**WHAT TO WORK ON**
From the line that holds "Министрлер Кабинетинин башчысы" to the end of the records, reproduce every line exactly. No pictures.

**Data extracted from a collection**
###

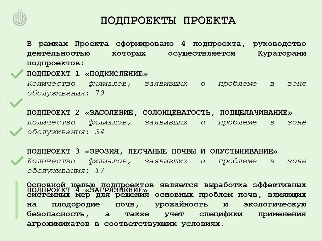 ПОДПРОЕКТ 2 «ЗАСОЛЕНИЕ, СОЛОНЦЕВАТОСТЬ, ПОДЩЕЛАЧИВАНИЕ»
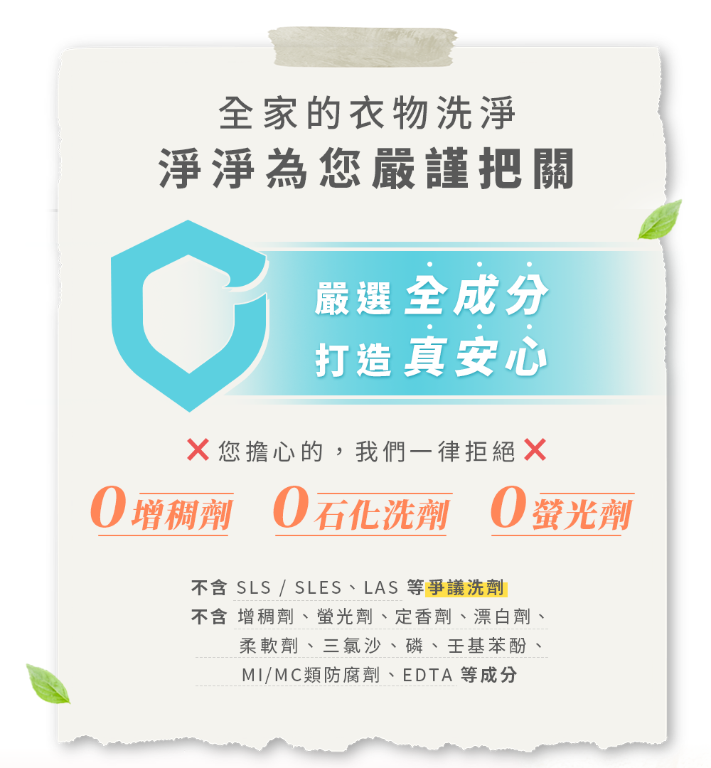 - 拒絕SLS/SLES,植萃來源環保洗劑
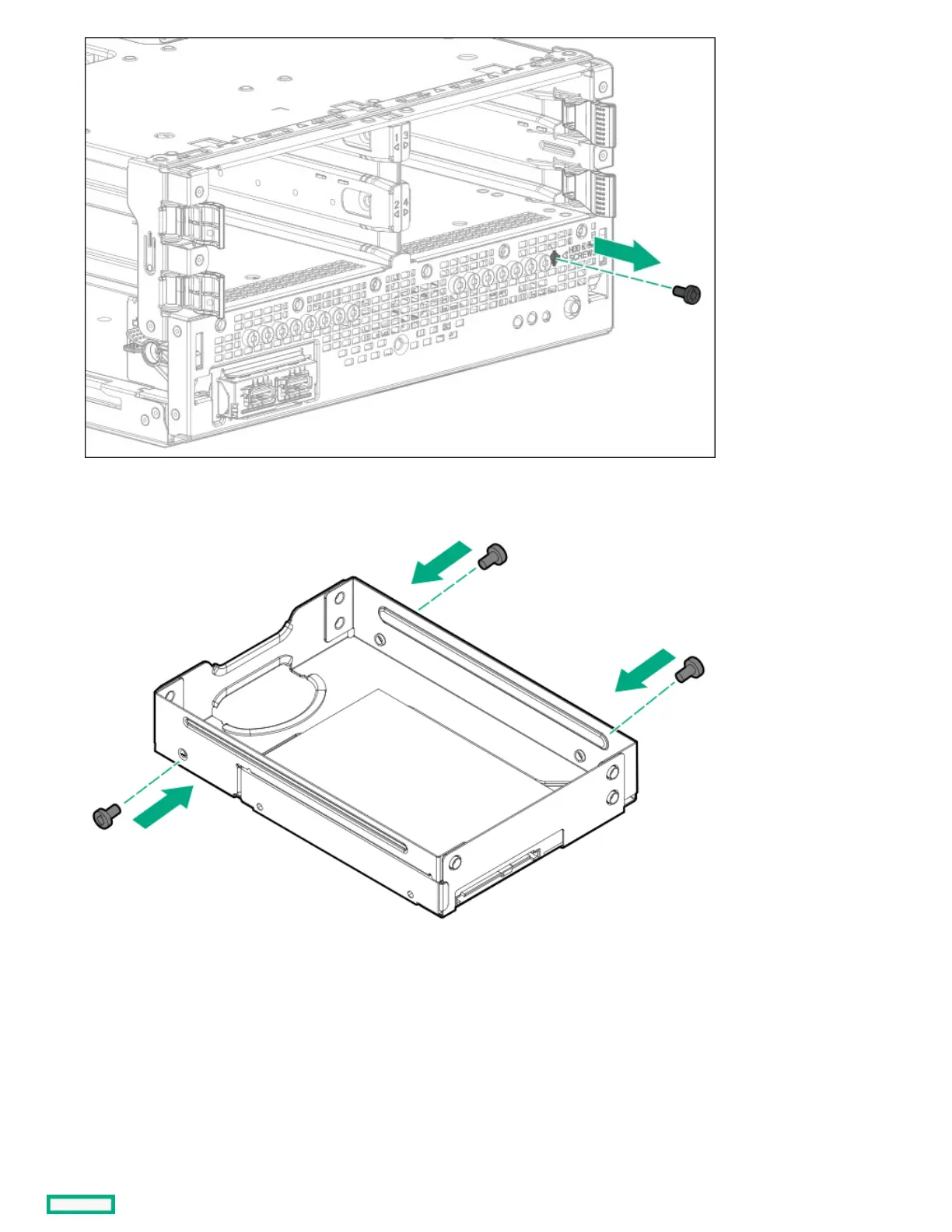12. Install the three screws removed from the front panel on the left and right sides of the drive converter tray.
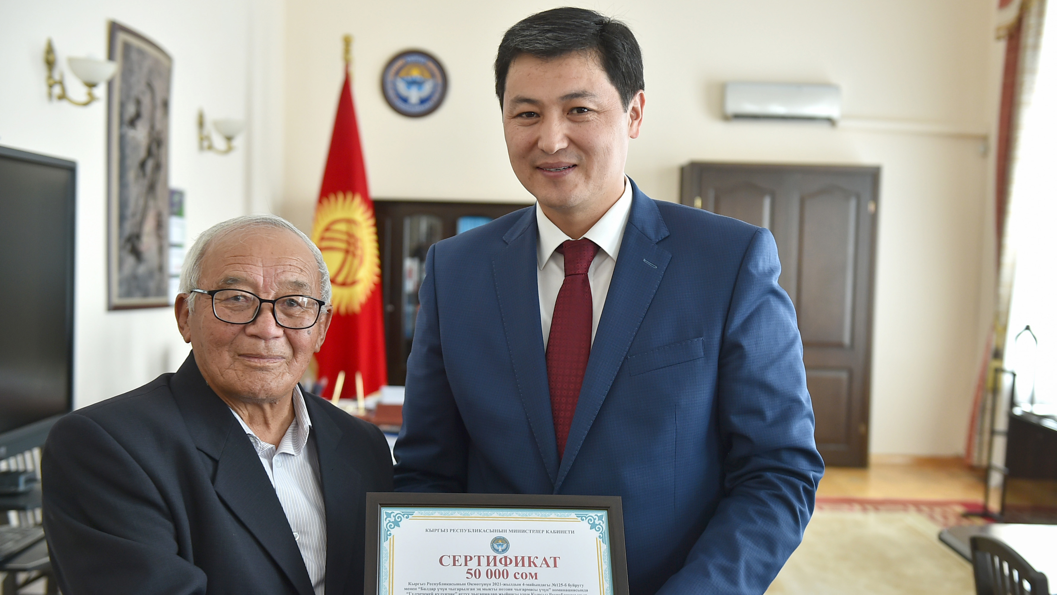 Министрлер Кабинетинин башчысы жазуучуларды татыктуу сыйлыгы менен куттуктап, кыргыз балдар адабиятынын өнүгүүсүнө кошкон өзгөчө салымын белгиледи.
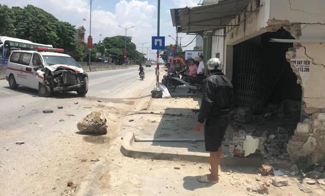 Một xe cấp cứu đang chạy bất ngờ tông đổ tường nhà dân. Vụ tai nạn khiến đầu xe cấp cứu nát bét. Tường của nhà người dân cũng bị hư hỏng. May mắn trên xe không chở bệnh nhân.

###

**WRITTEN RESPONSE**
 Министрлер Кабинетинин башчысы жазуучуларды татыктуу сыйлыгы менен куттуктап, кыргыз балдар адабиятынын өнүгүүсүнө кошкон өзгөчө салымын белгиледи.
 Một xe cấp cứu đang chạy bất ngờ tông đổ tường nhà dân. Vụ tai nạn khiến đầu xe cấp cứu nát bét. Tường của nhà người dân cũng bị hư hỏng. May mắn trên xe không chở bệnh nhân.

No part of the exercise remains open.